Solve the following second-order differential equation: $\ddot{x} + \dot{x} = 5t\cos(t) + 4\sin(t)$ I am trying to solve the following second-order differential equation: 
$$\ddot{x} + \dot{x} = 5t\cos(t) + 4\sin(t).  (*)$$
I know that if the equation had instead been:
$$\ddot{x} + \dot{x} = 5t[\cos(t) + 4\sin(t)],$$
then I could have tried a solution of the form:
$$x(t) = P_1(t)\cos(t) + P_2(t)\sin(t),$$
where $P_1(t), P_2(t)$ were linear polynomials.
In fact, I initially tried such a solution for $(*)$, but did not obtain a correct answer.
How could I go about solving $(*)$, please?
 A: is it not easier to solve the first order equation $$\dot y + y = 5t\cos t + 4\sin t, y = \dot x.\tag 1$$
try a particular solution of the from $$y = a\cos t + b \sin t + ct\sin t,\\
\dot y = -a \sin t + b \cos t+c\sin t +ct\cos t\tag 2$$
subbing $(2)$ in (1), you get $$ct\cos t +(a+b)\cos t +(-a+b)\sin t = 5t\cos t+4\sin t $$ equating the coefficients give,
$$c = 5, b=2, a= -2. $$ therefore $$y =\dot x =-2\cos t+ 2 \sin t+5t\sin t$$ integrating once gives you $$x = -2\sin t - 2 \cos t+ 5\int_0^tt\sin t\, dt= -2\sin t - 2 \cos t -5t\cos t +5\int_0^t \cos t\, dt\\
=-2\sin t - 2 \cos t -5t\cos t + 5\sin t = 3\sin t - 2\cos t-5t\cos t 
$$
so a particular solution is $$x = 3\sin t - 2\cos t-5t\cos t. $$
A: Let's substitute $x'=y$ and solve
$$y'+y=5t\cos{t}+4\sin{t}$$
The homogeneous equation has got a general solution of the form $y(t)=Ce^{-t}$.
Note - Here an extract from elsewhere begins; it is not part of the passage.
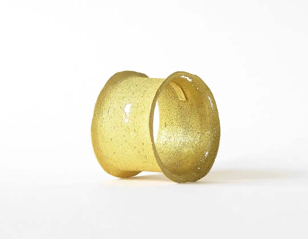 Yumiko Matsunaga 將紡織品、金屬雕塑和首飾方面的綜合技能,在她精致的空心墊狀搪瓷銅器皿中體現得淋漓盡致。

Let's look for a solution of the equation above of the form $y(t)=C(t)e^{-t}$. substituting we get
$$C'(t)e^{-t}=5t\cos{t}+4\sin{t}$$
So
$$\begin{align} C(t)&=\int e^{t}\left(5t\cos{t}+4\sin{t}\right)dt\\
&=\frac{e^t}{2}\left((5t-1)\sin{t}+(5t-4)\cos{t}\right)+K
\end{align}$$
Whence
$$y(t)=\frac{1}{2}\left((5t-1)\sin{t}+(5t-4)\cos{t}\right)+Ke^{-t}$$
And
$$x(t)=(5t+1)\sin{t}-(5t-6)\cos{t}+Me^{-t}+L$$
Where $M$ and $L$ are constants
A: We can solve this using undetermined coefficients. The complementary solution is found by solving
\begin{equation*}
x''+x'=0.
\end{equation*}
Substituting $x=e^{\lambda t}$ and factoring out $e^{\lambda t}$ gives
\begin{equation*}
(\lambda^2+\lambda)e^{\lambda t}=0.
\end{equation*}
The zeros must come form the polynomial giving $\lambda =-1$ or $0$. The general solution is given by
\begin{equation*}
x=x_1+x_2=\frac{c_1}{e^t}+c_2.
\end{equation*}
The particular solution is of the form 
\begin{equation*}
x_p=a_1\cos(t)+a_2t\cos(t)+a_3\sin(t)+a_4t\sin(t).
\end{equation*}
Compute $x'_p$ and $x''_p$ and substitute into the differential equations. To determine $a_1,a_2,a_3,a_4$, equate the coefficients.